Task to carry out - The output should match, line for line, the records from the line containing "在小红书官方报告,美食搜索热" through the line containing "โปรว้าว! เติมออนไลน์ยิ่งเติมยิ่งคุ้ม เติมปุ๊บ", with every picture left out.

─── Record extracts

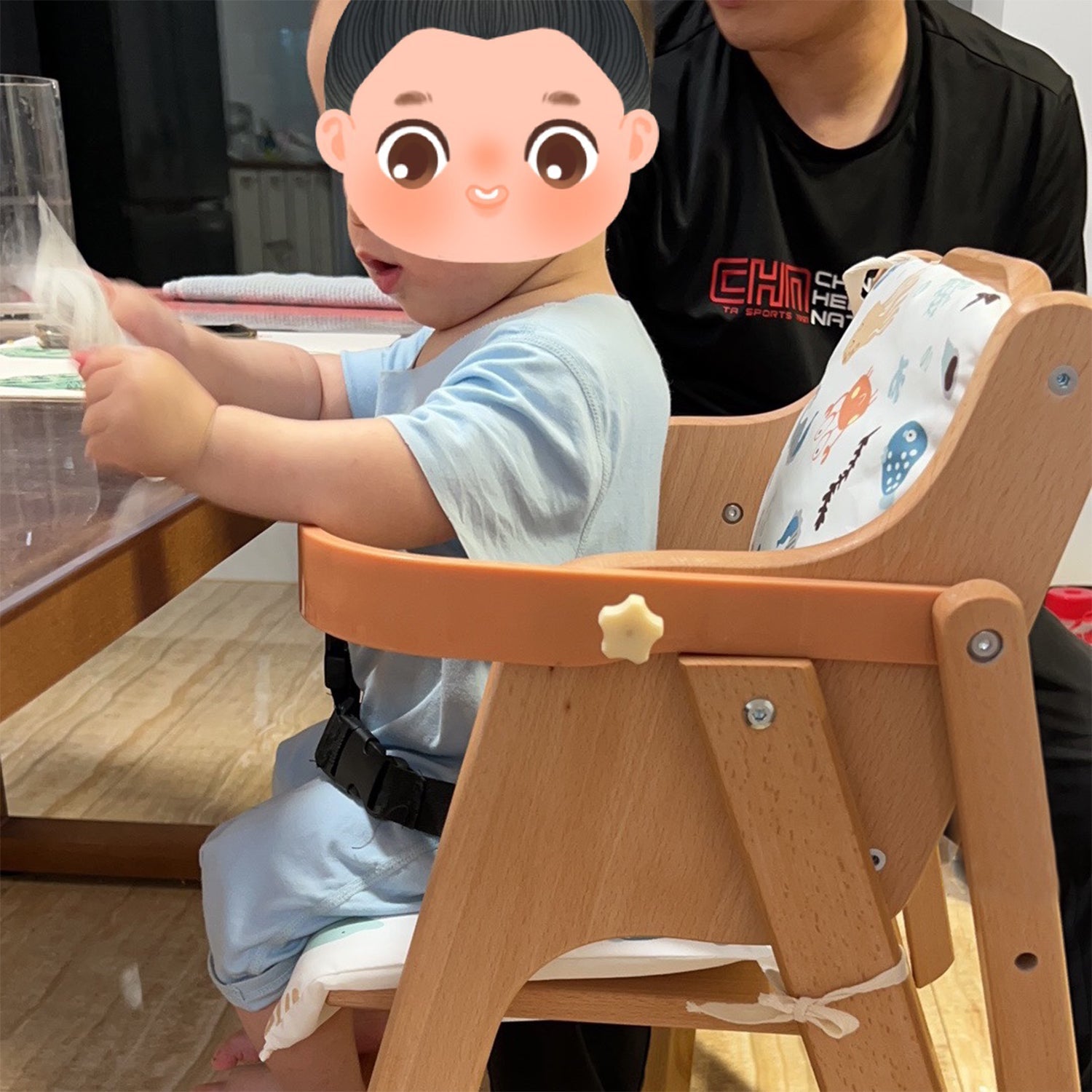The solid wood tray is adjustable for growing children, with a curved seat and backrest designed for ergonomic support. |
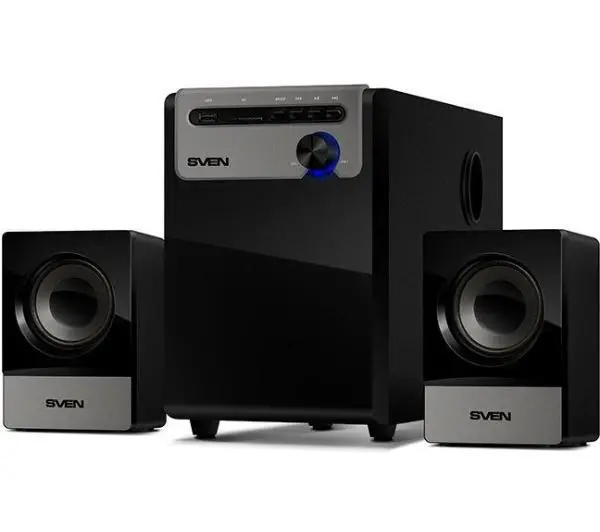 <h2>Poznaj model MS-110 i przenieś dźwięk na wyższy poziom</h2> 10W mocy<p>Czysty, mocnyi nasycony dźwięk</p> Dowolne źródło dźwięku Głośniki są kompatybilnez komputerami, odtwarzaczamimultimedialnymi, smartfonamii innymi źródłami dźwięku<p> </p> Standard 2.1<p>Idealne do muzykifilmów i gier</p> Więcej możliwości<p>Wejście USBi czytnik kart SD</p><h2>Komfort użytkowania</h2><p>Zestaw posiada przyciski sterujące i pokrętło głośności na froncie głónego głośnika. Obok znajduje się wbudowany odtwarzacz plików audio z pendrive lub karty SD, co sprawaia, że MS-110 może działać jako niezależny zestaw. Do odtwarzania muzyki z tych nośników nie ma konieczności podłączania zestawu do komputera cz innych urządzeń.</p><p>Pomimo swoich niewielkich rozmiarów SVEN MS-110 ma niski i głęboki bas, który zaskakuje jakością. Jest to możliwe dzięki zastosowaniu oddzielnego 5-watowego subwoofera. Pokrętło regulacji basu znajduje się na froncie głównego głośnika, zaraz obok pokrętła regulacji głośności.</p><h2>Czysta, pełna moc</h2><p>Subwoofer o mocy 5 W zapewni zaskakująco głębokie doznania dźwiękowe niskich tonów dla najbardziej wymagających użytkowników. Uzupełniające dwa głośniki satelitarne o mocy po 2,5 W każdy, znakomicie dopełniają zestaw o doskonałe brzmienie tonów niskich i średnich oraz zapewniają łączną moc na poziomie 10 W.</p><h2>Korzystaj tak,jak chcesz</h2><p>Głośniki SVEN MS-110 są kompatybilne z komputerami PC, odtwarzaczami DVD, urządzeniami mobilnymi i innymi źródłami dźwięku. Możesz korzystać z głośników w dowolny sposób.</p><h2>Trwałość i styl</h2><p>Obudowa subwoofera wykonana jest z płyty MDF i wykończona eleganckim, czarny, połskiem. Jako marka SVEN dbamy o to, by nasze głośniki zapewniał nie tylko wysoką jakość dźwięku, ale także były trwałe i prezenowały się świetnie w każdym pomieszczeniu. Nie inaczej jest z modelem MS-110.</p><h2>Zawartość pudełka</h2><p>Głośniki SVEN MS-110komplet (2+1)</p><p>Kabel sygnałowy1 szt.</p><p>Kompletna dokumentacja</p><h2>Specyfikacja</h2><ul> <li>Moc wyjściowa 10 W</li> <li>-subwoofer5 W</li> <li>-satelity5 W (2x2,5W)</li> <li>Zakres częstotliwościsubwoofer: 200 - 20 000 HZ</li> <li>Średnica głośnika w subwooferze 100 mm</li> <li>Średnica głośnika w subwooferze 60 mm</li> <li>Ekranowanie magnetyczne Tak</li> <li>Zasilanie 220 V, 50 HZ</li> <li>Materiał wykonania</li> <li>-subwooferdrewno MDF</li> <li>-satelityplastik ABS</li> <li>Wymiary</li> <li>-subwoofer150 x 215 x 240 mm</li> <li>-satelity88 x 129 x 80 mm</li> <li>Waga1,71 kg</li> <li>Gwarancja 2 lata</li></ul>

──────
─── Record extracts

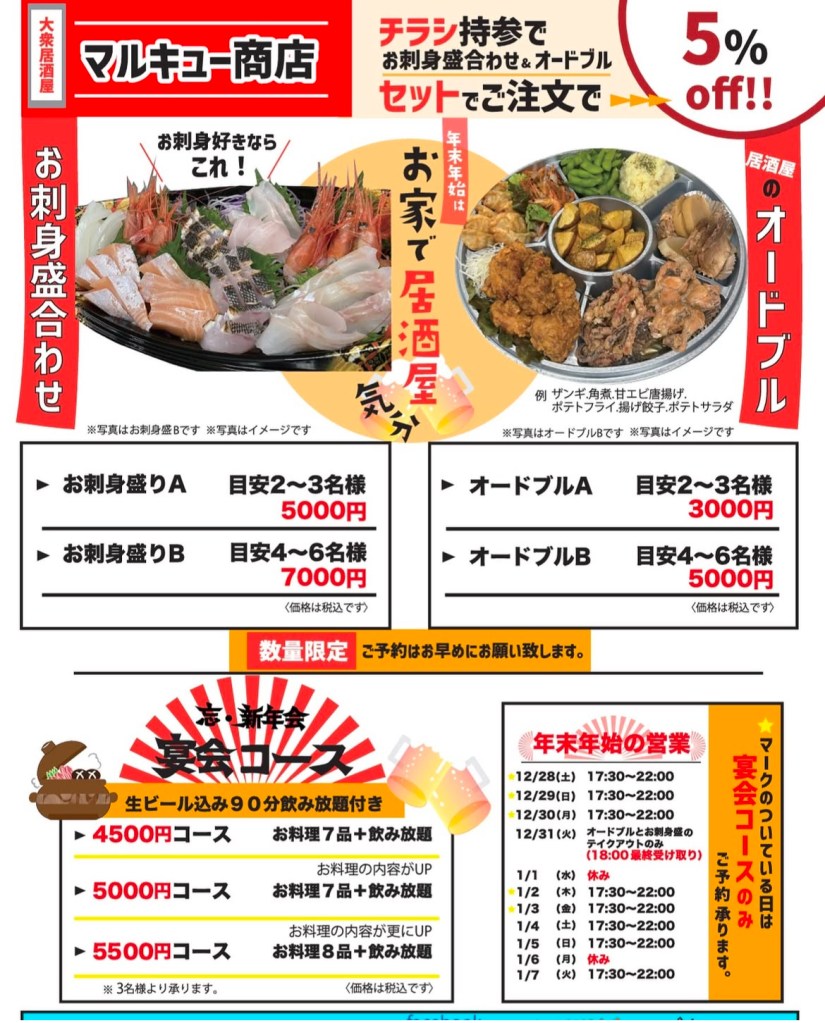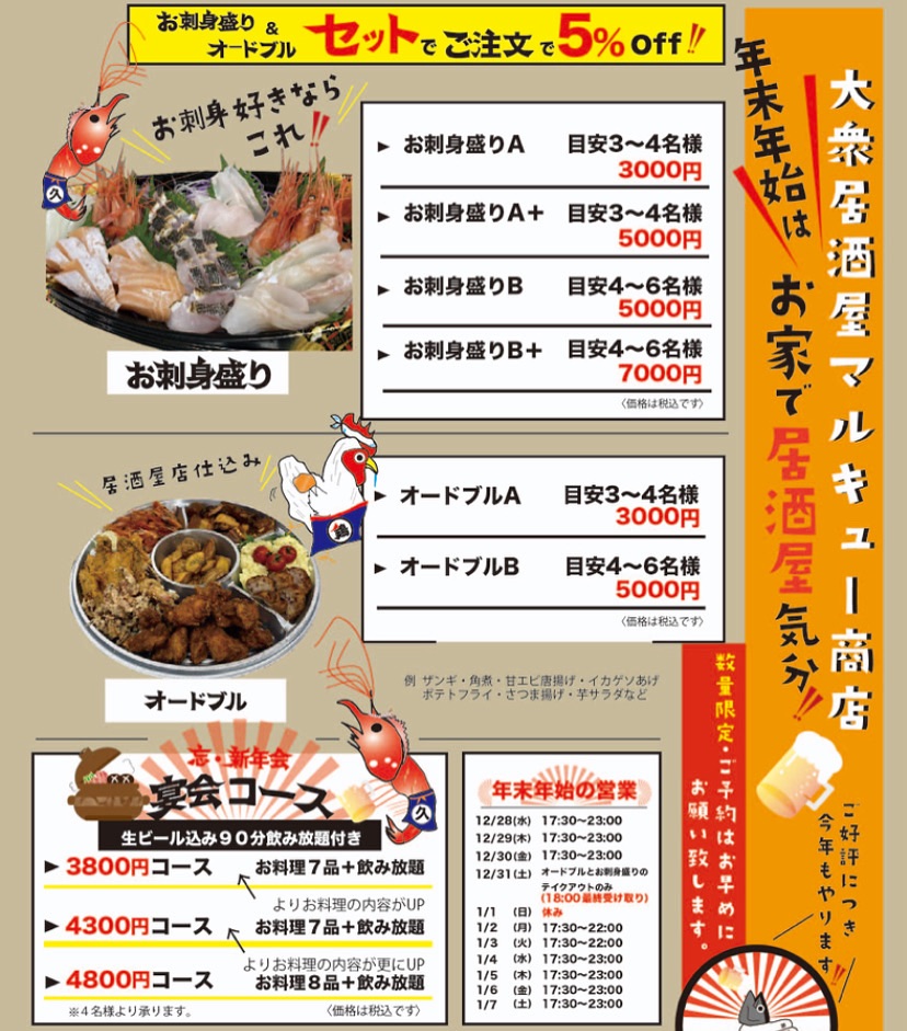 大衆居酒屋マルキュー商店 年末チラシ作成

──────
─── Record extracts

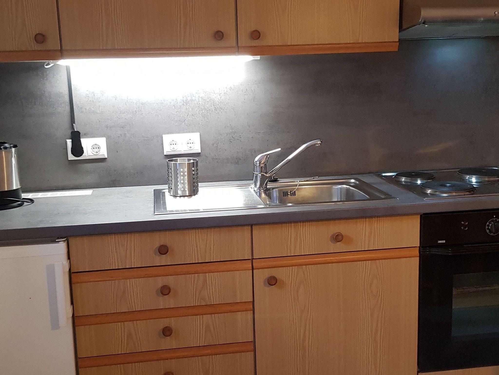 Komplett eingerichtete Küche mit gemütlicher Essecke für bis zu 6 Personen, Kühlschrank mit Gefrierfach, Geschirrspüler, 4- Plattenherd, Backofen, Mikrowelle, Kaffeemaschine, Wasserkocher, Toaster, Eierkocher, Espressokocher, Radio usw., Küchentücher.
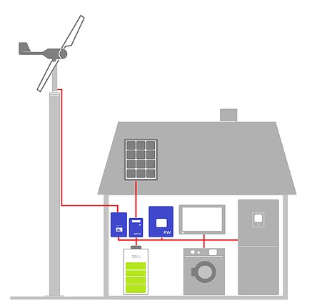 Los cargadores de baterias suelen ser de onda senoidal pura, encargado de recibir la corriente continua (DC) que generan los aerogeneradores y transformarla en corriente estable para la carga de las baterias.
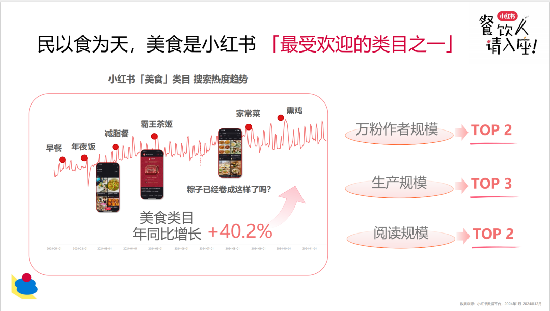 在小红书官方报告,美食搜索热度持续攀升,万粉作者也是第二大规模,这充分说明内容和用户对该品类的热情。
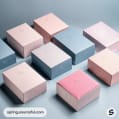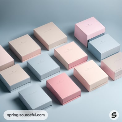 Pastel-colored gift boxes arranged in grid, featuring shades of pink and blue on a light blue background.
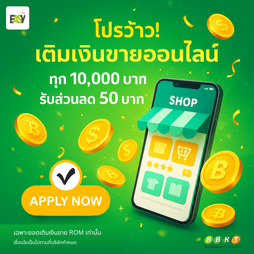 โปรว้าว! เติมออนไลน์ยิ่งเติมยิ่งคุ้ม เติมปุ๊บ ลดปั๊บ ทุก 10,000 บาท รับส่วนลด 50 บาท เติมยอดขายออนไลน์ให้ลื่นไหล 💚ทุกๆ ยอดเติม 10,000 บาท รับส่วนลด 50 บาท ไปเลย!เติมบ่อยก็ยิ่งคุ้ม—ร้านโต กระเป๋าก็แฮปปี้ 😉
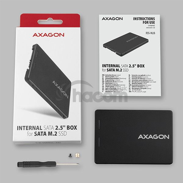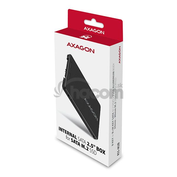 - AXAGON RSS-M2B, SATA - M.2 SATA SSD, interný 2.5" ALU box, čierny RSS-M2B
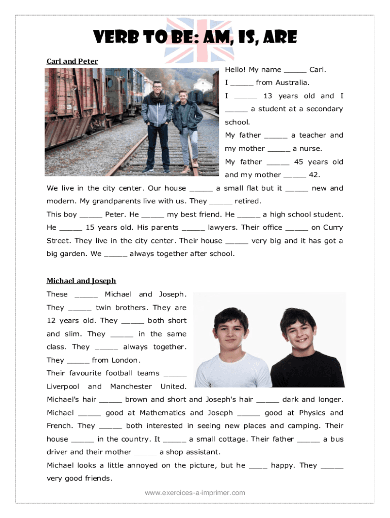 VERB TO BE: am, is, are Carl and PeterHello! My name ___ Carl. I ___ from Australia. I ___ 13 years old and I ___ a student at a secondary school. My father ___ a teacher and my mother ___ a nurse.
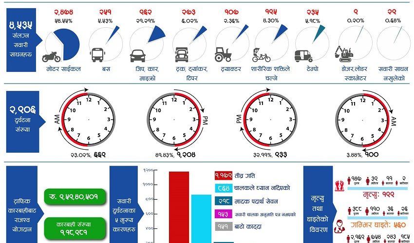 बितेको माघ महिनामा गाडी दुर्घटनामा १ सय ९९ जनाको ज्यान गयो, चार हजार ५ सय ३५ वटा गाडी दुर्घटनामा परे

──────

Answer to the problem -
 在小红书官方报告,美食搜索热度持续攀升,万粉作者也是第二大规模,这充分说明内容和用户对该品类的热情。
 Pastel-colored gift boxes arranged in grid, featuring shades of pink and blue on a light blue background.
 โปรว้าว! เติมออนไลน์ยิ่งเติมยิ่งคุ้ม เติมปุ๊บ ลดปั๊บ ทุก 10,000 บาท รับส่วนลด 50 บาท เติมยอดขายออนไลน์ให้ลื่นไหล 💚ทุกๆ ยอดเติม 10,000 บาท รับส่วนลด 50 บาท ไปเลย!เติมบ่อยก็ยิ่งคุ้ม—ร้านโต กระเป๋าก็แฮปปี้ 😉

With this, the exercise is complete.